Михайловский театр предъявил Москве свой «Любовный напиток»
Первый сезон с новым руководством и новым-старым названием Михайловский театр завершил показом в Москве своей последней премьеры — «Любовного напитка» Доницетти. Предыдущая — «Сельская честь» Масканьи — демонстрировалась в столице в феврале. Таким образом, Владимир Кехман предлагает москвичам быть свидетелями каждого очередного сделанного им шага по части оперы (на балет эта амбициозная политика пока не распространяется).
Теперь — немного истории. До нынешнего февраля оперная труппа Михайловского театра не была в столице более тридцати лет.
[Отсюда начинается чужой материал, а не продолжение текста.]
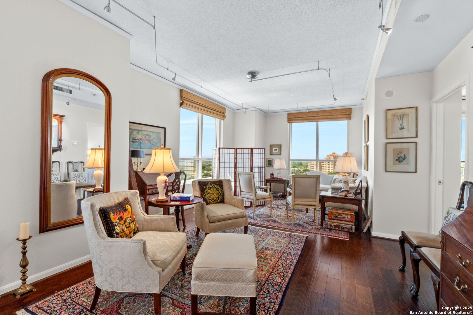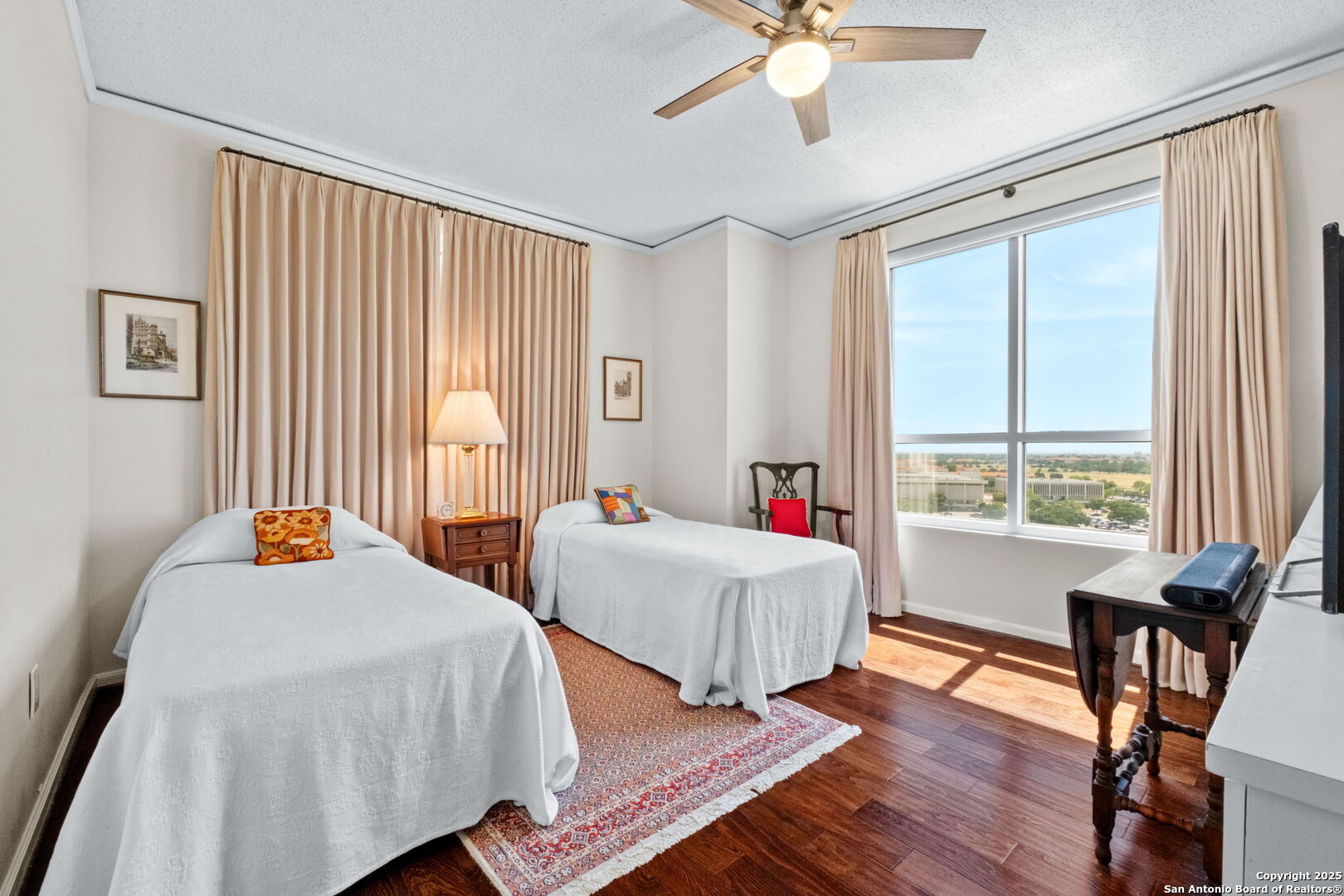 Incredible "G" floor plan with spectacular Downtown San Antonio Skyline views! Discover a sophisticated 2-bedroom, 2-bath condominium that offers the perfect balance of comfort, style, and convenience. With an open layout, rich wood floors, and walls of natural light, this residence feels warm and inviting from the moment you arrive. The kitchen and bathrooms feature gorgeous natural stone counters. In-unit washer and dryer connections bring added ease to your daily routine. Nestled near Alamo Heights, The Towers is San Antonio's premier full-service high-rise community for active 55+ residents. Here, everyday living is elevated with amenities designed for both relaxation and connection: Concierge & Valet Services for worry-free convenience, Wellness Center & Personal Training to support an active lifestyle, Resort-Style Pool & Spa for relaxation at your doorstep, Two On-Site Restaurants offering dining just steps away, Weekly Housekeeping for simplicity and peace of mind, Cultural & Social Activities that keep the community vibrant and engaging, 24-Hour Security for complete confidence and comfort. At The Towers, you'll find more than just a home-you'll discover a community. Surrounded by neighbors who share your zest for life, this is where luxury, convenience, and connection come together.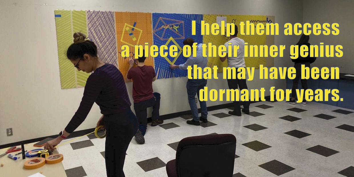 Introducing: Tape Art Workshops for high-achieving business professionals, In order to tap into the full potential of your team, I facilitate a workshop environment that welcomes any and all artistic expression. Harnessing my twenty years of experience as a University Professor of art and design, I lean into methods and media that even the most analytical thinkers can play with.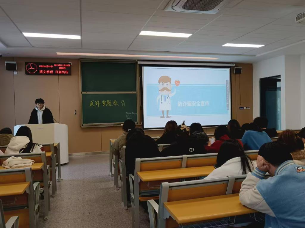 本网讯(通讯员 汪雨馨)11月28日,太阳集团tyc9728各班级召开校园反诈主题班会,本次班会由各班班主任及班长主持召开,全体同学参与。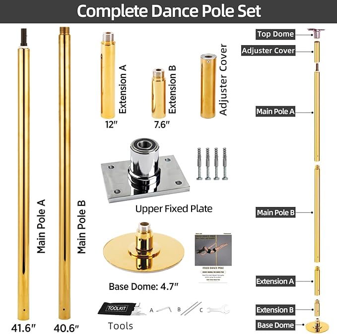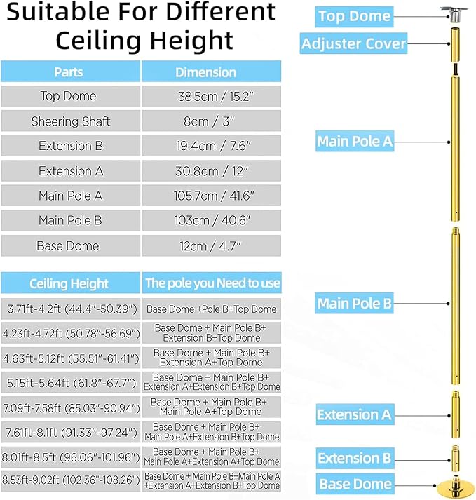 - 【SAFER AND EASIER】Our fixed plate dance poles are safe for home studio use and fit ceilings from 7.3 to 9 feet with a diameter of 45mm. The package includes 2 extension poles and a height adjuster, but be sure to measure your ceiling height and choose the right pole size. If your ceiling is over 9 feet, we have 4 extension sizes available for individual purchase.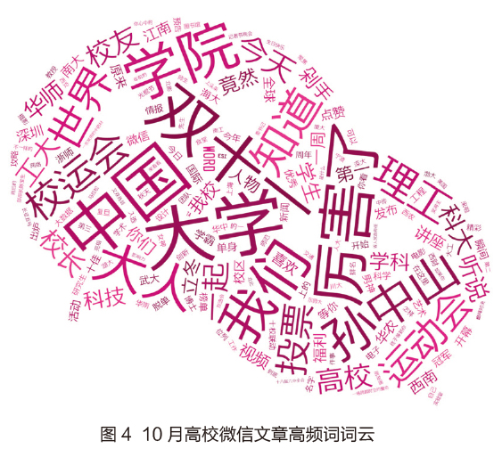 我们通过调取11月份上半旬288所高校发表4665篇中阅读量排名前1000篇文章的大数据,制作图4所示的微信文章高频词词云。出现频率较高的三个词汇是,出现336次的“大学”、297次的“双十一”、和277次的网络词汇“厉害了”。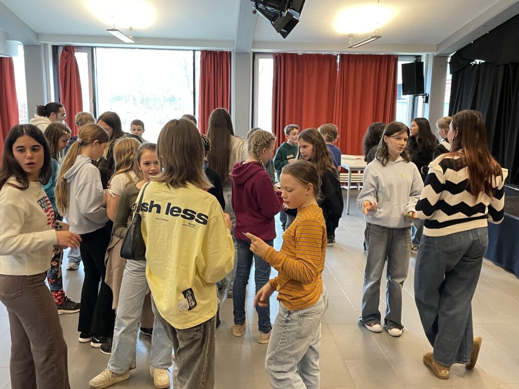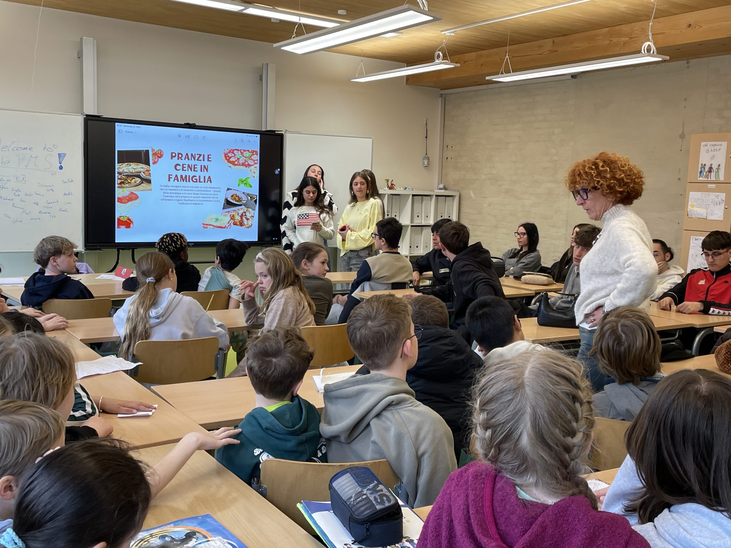 Nach den Präsentationen entwickelte sich eine lebhafte Fragerunde. Unsere jüngsten Schülerinnen und Schüler nutzten die Gelegenheit, den ca. 6 Jahre älteren Gästen aus Italien neugierig und mutig viele Fragen zu stellen – von Schule und Freizeit bis hin zu persönlichen Interessen.
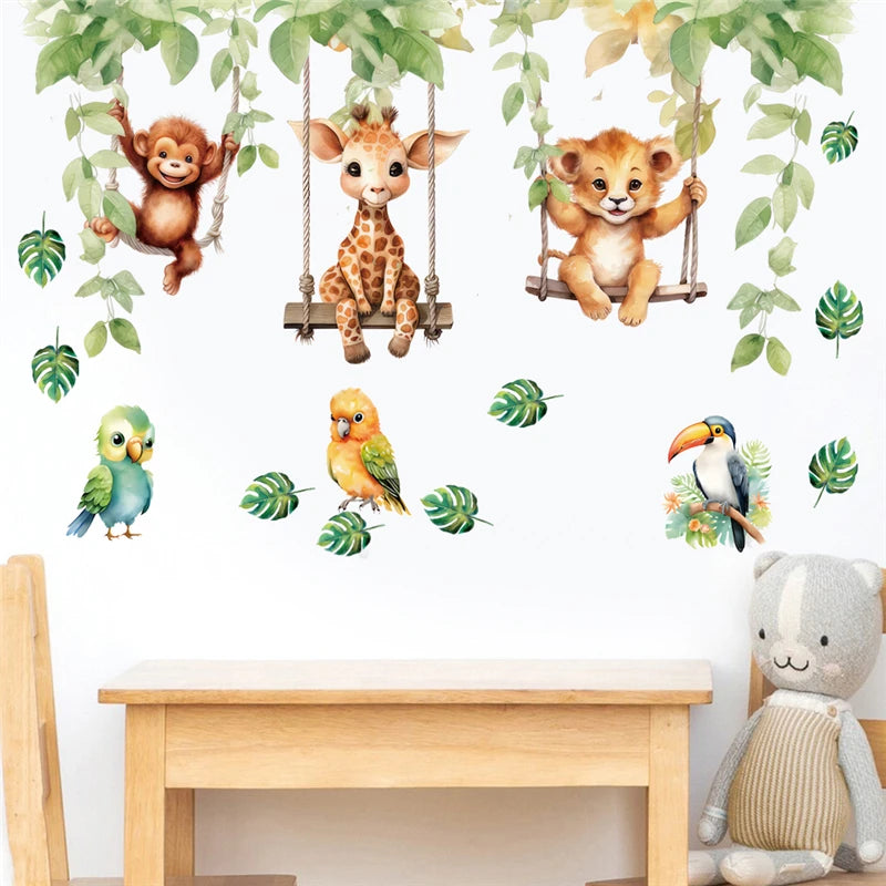 - Singe, girafe, lion et oiseaux sur balançoires, déco chambre enfant, PVC -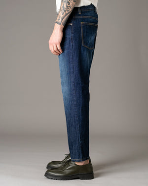 Il denim presenta leggere sfumature naturali che donano profondità e carattere, mantenendo un’estetica equilibrata e moderna.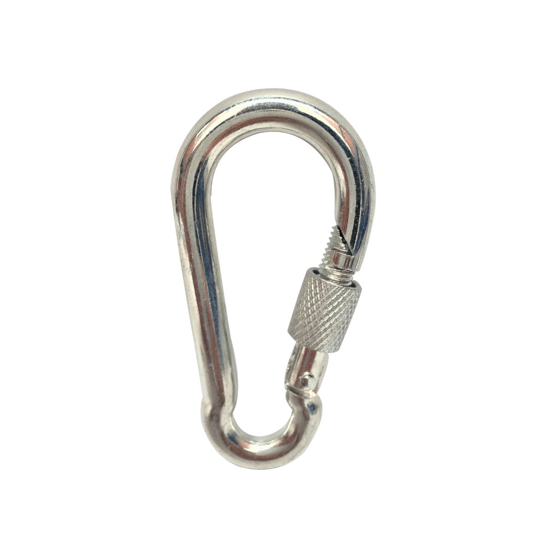 Mosquetón de alta resistencia para sujeción segura. Ideal para cargas, deportes, ferretería o uso industrial.
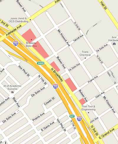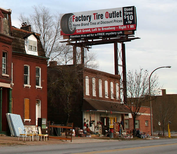 Just as their neighbors to the south were once part of Old North, so too were these houses once a contiguous part of the Hyde Park and O'Fallon neighborhoods west of the highway.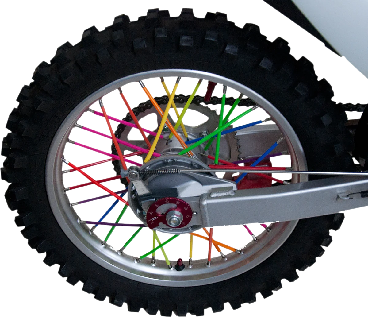 Inexpensive way to change the look of your motorcycle. Made of polyurethane plastic with slit for easy install. 80 spoke skins included to complete both wheels. Fit securely around your spokes. Fit 18” to 21” sized wheels. Trimming may be required.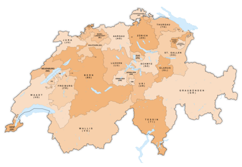 VėliavaKantonasĮstojimo į konfederaciją metaiSostinėGyventojų sk.Plotas, km²Gyventojų tankumas, žm./km²Oficiali kalba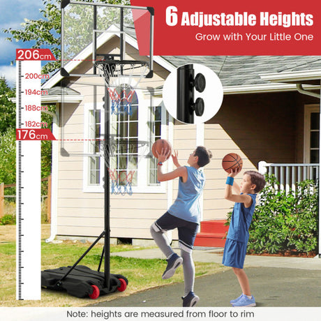 5.8-6.8 FT Basketball Hoop Height Adjustable Basketball System with Wheels and Fillable Base

Автору этих строк на заре туманной юности довелось побывать на всех оперных представлениях блистательных гастролей 1974 года, включавших «Порги и Бесс» Гершвина с Юрием Темиркановым за пультом, «Ифигению» (в том легендарном спектакле Эмиля Пасынкова была предпринята уникальная и во многом убедительная попытка представить в один вечер обе одноименные оперы Глюка, естественно, в сильно сокращенном виде), «Не только любовь» Щедрина, «Горцев» Чалаева, «Майскую ночь» Римского-Корсакова и «Иоланту» Чайковского. Несколько лет спустя большинство героев тех гастролей сменили место работы, а сам МАЛЕГОТ, как он тогда еще назывался, перестал быть одним из лидеров оперного процесса и все более и более превращался в аутсайдера, потеряв со временем не только лицо, но и имя, с которым связаны наиболее славные страницы его истории.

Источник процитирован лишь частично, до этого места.